There is some variation between regulatory approaches to cryptoassets globally. If the FCA decides to adopt a less stringent approach (at least in terms of the extent to which its Handbook applies directly to crypto firms and individuals within them and/or numbers of enforcement cases), this would be congruent with the approach now being taken in  the US, where the change to a more crypto-friendly administration has resulted in renewed focus on digital asset innovation.

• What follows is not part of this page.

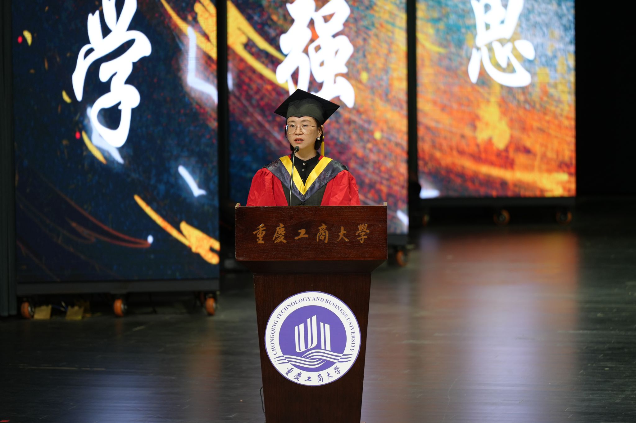 重庆市优秀毕业生、2020级智能制造二班王艳和重庆市优秀毕业研究生、2021级硕士研究生梁鑫鑫,分别作为本科毕业生代表和研究生毕业生代表上台发言。她们深情回顾了大学的学习和生活,表达了对母校、老师和同学们的感激之情和对未来的坚定信心、美好祝愿。她们的话语中充满了对未来的憧憬和对母校的感激之情,仿佛将毕业生们带入了星河的壮丽与山海的广阔之中。

On 23 September 2025, the new Chair of the Securities and Exchange Commission Paul Atkins announced a plan to roll out an "innovation exemption" for digital assets by the end of 2025. This exemption will form part of the SEC's "Project Crypto", an initiative to reduce regulatory burdens for the crypto industry and reform America's crypto regulatory landscape.

However, some jurisdictions are favouring a tougher approach. In Australia, the Federal Government has recently consulted on bringing crypto service providers under its national Australian Financial Services License ("AFSL") regime. The proposal involves requiring crypto exchanges and certain crypto service providers to meet obligations consistent with traditional service providers. This is expected to consolidate the regulations within the crypto sector and tighten its oversight. In an environment where a well-resourced Australian Securities and Investments Commission ("ASIC") is pursuing increasing numbers of enforcement investigations (with its recently released annual report indicating a 50 per cent uptick in the last year), it would not be surprising to see prompt and robust action based on these new rules. 

Other jurisdictions are also imposing new requirements – Hong Kong introduced a new stablecoin ordinance on 1 August 2025 and in Singapore, the government is looking to update the Payment Services Act 2019 and to publicly consult the market to develop a new digital payments framework.

In Hong Kong, the new ordinance designates the Hong Kong Monetary Authority ("HKMA") as the sole licensing and supervisory authority for stablecoin issuers. Firms which did not submit an application for a licence by 31 October 2025 will be required to close their business in Hong Kong on or by 30 November 2025. The Monetary Authority of Singapore ("MAS") also requires stablecoin issuers to apply for licences per its stipulated requirements to be recognised as "MAS-regulated stablecoins". The difference there is that if such requirements are not met, the firm will not need to close their business. It will simply mean that users can easily identify MAS-regulated stablecoins from others and can make an assessment of whether to deal in unregulated stablecoins, which may not offer the same protection and stability as MAS-regulated ones.